Input for this task:
'''

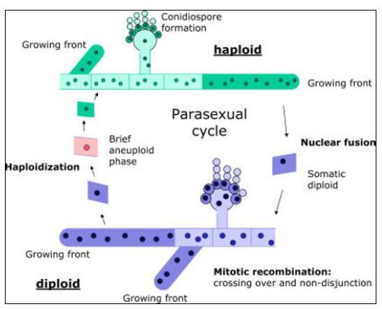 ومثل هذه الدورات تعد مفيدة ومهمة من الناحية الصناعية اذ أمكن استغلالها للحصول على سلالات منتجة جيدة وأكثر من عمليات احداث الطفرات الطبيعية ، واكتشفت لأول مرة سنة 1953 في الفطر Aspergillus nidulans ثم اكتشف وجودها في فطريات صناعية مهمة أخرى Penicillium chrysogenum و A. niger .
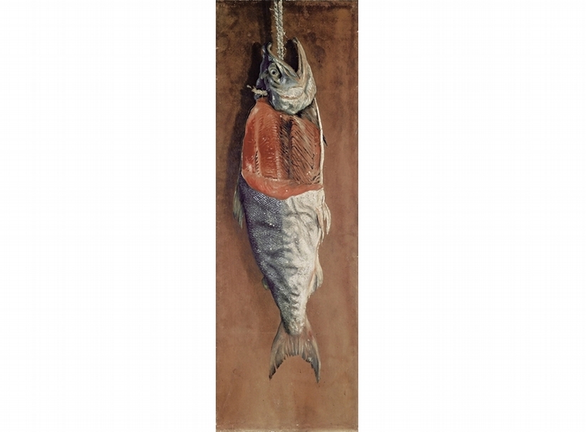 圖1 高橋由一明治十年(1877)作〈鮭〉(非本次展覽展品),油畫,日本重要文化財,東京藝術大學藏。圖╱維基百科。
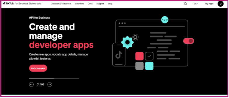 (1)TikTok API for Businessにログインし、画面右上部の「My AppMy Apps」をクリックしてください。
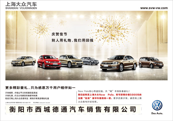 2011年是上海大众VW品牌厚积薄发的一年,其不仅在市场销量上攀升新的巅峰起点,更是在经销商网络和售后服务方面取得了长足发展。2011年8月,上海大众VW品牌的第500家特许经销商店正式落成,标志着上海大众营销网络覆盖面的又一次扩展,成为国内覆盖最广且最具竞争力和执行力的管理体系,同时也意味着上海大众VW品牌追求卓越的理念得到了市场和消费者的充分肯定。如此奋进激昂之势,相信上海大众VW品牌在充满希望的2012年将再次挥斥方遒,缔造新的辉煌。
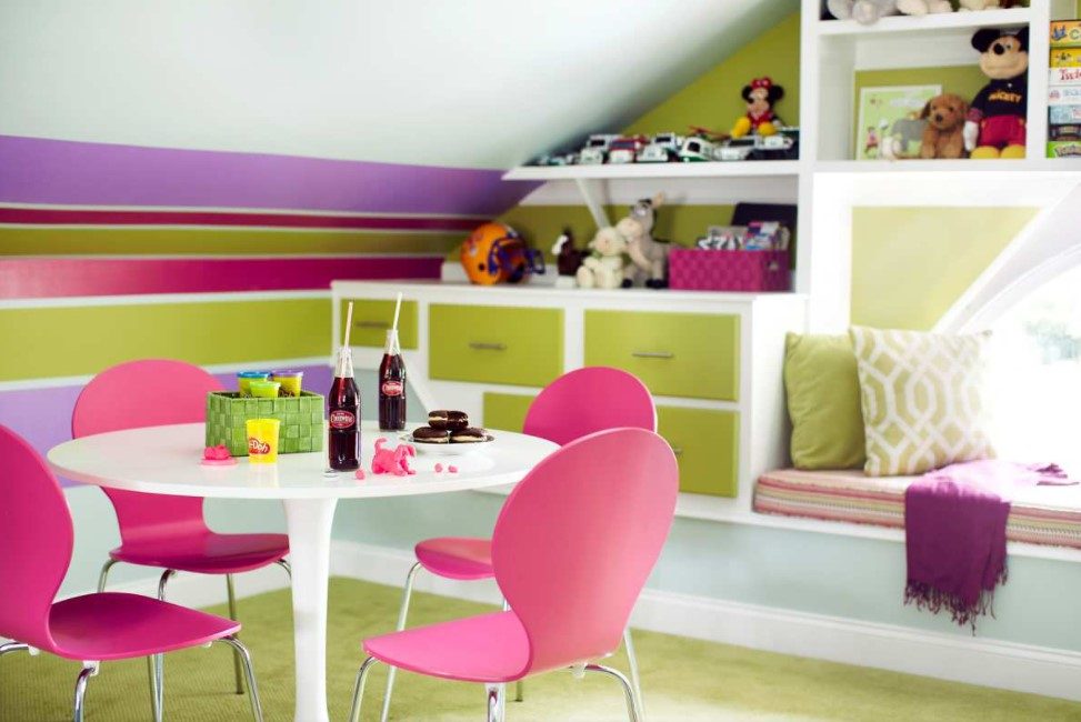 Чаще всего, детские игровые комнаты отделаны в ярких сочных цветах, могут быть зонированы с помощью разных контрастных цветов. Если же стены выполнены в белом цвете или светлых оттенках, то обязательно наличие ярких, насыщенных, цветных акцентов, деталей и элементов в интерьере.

'''
'''

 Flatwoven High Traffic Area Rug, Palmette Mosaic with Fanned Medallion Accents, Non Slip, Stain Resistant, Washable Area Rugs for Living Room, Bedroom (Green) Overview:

'''

What the task requires: Leaving out all pictures, set down exactly the lines of the material above, from the line with "ومثل هذه الدورات" to the line with "(1)TikTok API for" inclusive, and no others.

Written reply:
 ومثل هذه الدورات تعد مفيدة ومهمة من الناحية الصناعية اذ أمكن استغلالها للحصول على سلالات منتجة جيدة وأكثر من عمليات احداث الطفرات الطبيعية ، واكتشفت لأول مرة سنة 1953 في الفطر Aspergillus nidulans ثم اكتشف وجودها في فطريات صناعية مهمة أخرى Penicillium chrysogenum و A. niger .
 圖1 高橋由一明治十年(1877)作〈鮭〉(非本次展覽展品),油畫,日本重要文化財,東京藝術大學藏。圖╱維基百科。
 (1)TikTok API for Businessにログインし、画面右上部の「My AppMy Apps」をクリックしてください。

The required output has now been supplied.